Er zijn weinig zoetwaterbellen op Schouwen-Duiveland. Het grondwater is over het algemeen brak, waardoor het maken van zoetwaterputten geen zin heeft. De noodkreet van Nicole Gijzel laat zien, dat de provincie zich te lang heeft opgesloten in zijn zoutwatercocon en het primaire belang van zoet water voor de mens steeds heeft genegeerd. Het kwaad is al geschied en lange tijd aan de gang. De provincie is ver over tijd met haar eerste voorzichtige pogingen om wat zorg te tonen voor zoet water. Echt zoetwaterbeleid voeren zit er vooralsnog niet in. De zoute wateren en de gemaakte zoutwatermilieus in het Zeeuwse land lijken daarvan geen schade te mogen ondervinden. Andersom doet de provincie het voorkomen alsof de schade wat betreft zoetwaterproblemen wel meevalt. Men handhaaft het primaire zoutwaterbeleid en het stimuleren van zoutwatermilieus op het land. Het bekendste project op Schouwen is plan Tureluur. Het versterkt de verzilting van het grondwater.

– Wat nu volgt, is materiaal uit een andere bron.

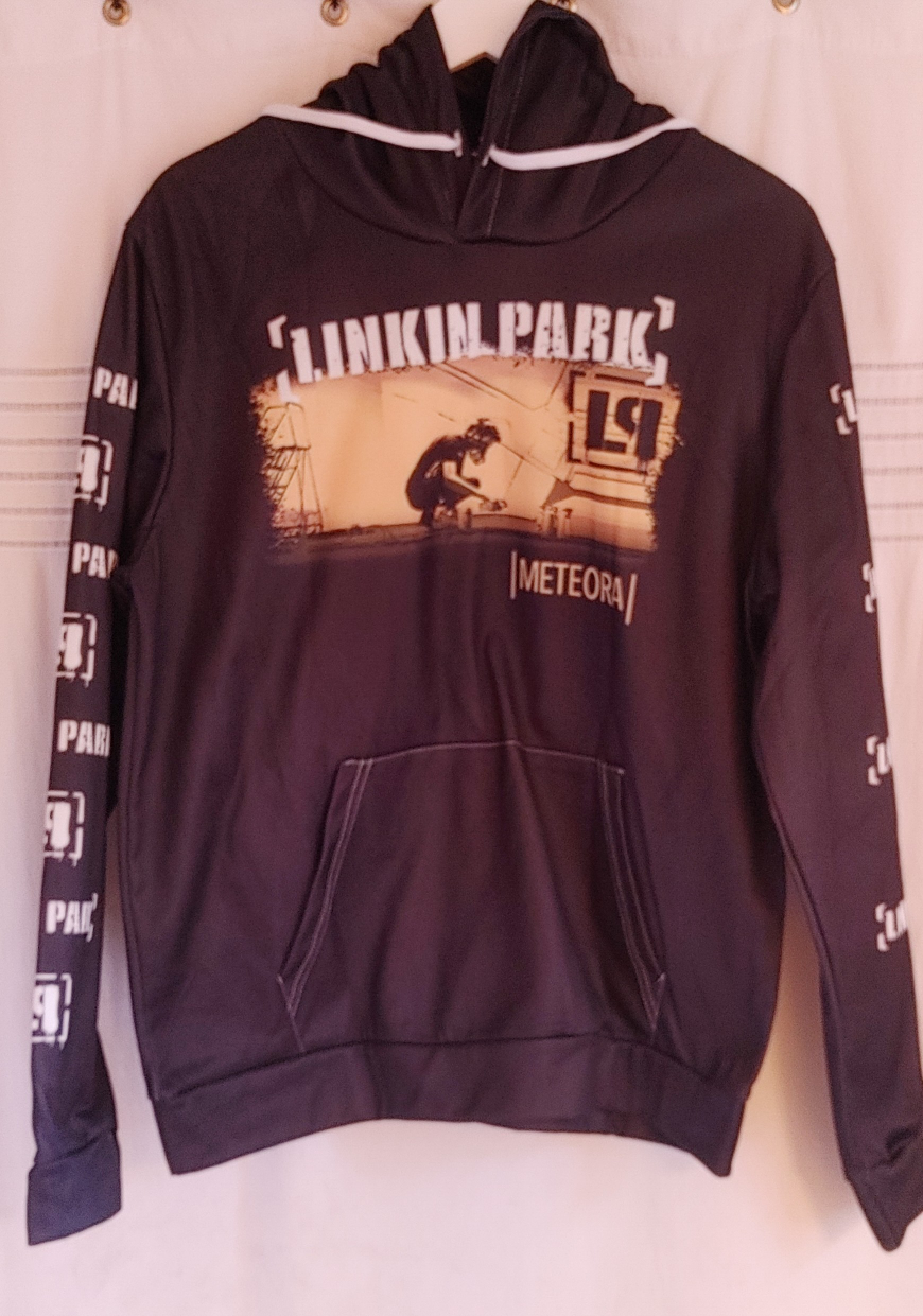 Mens Linkin Park size medium hoodie featuring the Meteora album cover and logo. Graphic image of band on the back and graphic on both sleeves. Has pull strings on hood and front hand kangaroo pocket. Excellent condition. No rips or stains. Smoke free home pick up Mt.Brydges cash only.

Hoewel in de delta het gedrag en de invloed op elkaar van zoet- en zoutwaterbeleid niet te scheiden zijn, zoekt de provincie nu toch eenzijdig doekjes voor het bloeden op de eilanden voor het zoete water. Men wil daarmee uitstel kopen om zoetwaterbeleid nog niet primair te hoeven stellen. In het artikel van H2O wordt enerzijds gedacht aan lokale oplossingen, zoals druppelirrigatie, opslag van regenwater in bassins en bodem of hergebruik van restwater, anderzijds aan de aanvoer van zoet water van elders via pijpleidingen. Witteveen +Bos heeft in opdracht van de provincie naar de mogelijkheden van die aanvoer een verkenning uitgevoerd. Uit het verhaal van de akkerbouwer blijkt al, dat van de eerste groep aan geopperde mogelijkheden weinig verwacht mag worden. Hooguit hier en daar iets lokaal. Dat de variant van de Noorder Krammer voor kunstmatige zoetwateraanvoer afvalt is logisch, want de Noorder Krammer heeft o.a. last van verzilting door het zoute Grevelingenmeer. De meest logische variant is het Haringvliet, maar zal tevens wel de duurste zijn. De kosten van de 6 varianten variëren van 40 tot 180 miljoen euro. De jaarlijkse gebruikskosten, denk aan energieverbruik, worden geraamd op 0.8 tot 3,6 miljoen. De provincie is van die formidabele bedragen geschrokken en gaat kijken naar de haalbaarheid o.a. door na te gaan in hoeverre de boeren financieel willen bijdragen aan de zoetwateraanvoer. Kan men het als overheid ‘nog zouter maken’?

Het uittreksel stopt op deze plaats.